■ **ASSIGNMENT**: Given the material below, return only the lines starting at the line with "- 2- Sectional" and ending at the line with "ประกาศ ณ วันที่ ๒๘ เมษายน ๒๕๖๘", exactly as they appear.

========================

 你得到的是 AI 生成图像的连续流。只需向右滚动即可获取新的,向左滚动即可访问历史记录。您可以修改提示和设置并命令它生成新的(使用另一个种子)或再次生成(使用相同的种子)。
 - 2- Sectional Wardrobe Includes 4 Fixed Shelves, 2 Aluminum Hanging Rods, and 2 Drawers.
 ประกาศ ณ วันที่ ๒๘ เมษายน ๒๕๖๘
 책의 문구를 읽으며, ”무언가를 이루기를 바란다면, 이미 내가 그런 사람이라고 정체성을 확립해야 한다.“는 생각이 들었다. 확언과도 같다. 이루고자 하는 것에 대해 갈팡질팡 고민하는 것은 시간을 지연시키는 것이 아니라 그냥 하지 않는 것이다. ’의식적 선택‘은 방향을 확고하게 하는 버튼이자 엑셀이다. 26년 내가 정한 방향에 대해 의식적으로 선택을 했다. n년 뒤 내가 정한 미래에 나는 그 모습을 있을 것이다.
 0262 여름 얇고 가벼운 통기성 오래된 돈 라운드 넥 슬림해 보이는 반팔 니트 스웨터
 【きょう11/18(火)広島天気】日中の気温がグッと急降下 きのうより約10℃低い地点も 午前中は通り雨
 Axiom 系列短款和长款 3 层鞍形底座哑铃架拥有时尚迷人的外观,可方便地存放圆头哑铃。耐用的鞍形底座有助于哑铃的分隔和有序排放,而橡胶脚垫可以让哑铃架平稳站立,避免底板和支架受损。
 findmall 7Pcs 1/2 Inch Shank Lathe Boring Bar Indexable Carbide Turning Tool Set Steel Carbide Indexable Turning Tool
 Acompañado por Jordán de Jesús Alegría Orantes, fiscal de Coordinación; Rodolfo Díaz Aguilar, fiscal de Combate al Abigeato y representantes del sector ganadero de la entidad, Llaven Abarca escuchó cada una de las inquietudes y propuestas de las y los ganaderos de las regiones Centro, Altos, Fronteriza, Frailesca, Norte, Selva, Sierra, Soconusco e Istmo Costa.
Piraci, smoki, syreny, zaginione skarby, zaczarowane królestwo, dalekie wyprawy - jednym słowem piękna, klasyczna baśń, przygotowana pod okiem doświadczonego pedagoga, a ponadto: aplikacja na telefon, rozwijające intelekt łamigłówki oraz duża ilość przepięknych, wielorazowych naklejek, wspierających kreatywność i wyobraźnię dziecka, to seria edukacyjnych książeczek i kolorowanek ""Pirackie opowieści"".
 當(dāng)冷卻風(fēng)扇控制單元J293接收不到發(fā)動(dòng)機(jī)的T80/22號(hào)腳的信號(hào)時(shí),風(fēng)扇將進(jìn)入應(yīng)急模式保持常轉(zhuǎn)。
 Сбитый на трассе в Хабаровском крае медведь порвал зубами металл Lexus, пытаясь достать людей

========================

■ **EXERCISE RESULT**:
 - 2- Sectional Wardrobe Includes 4 Fixed Shelves, 2 Aluminum Hanging Rods, and 2 Drawers.
 ประกาศ ณ วันที่ ๒๘ เมษายน ๒๕๖๘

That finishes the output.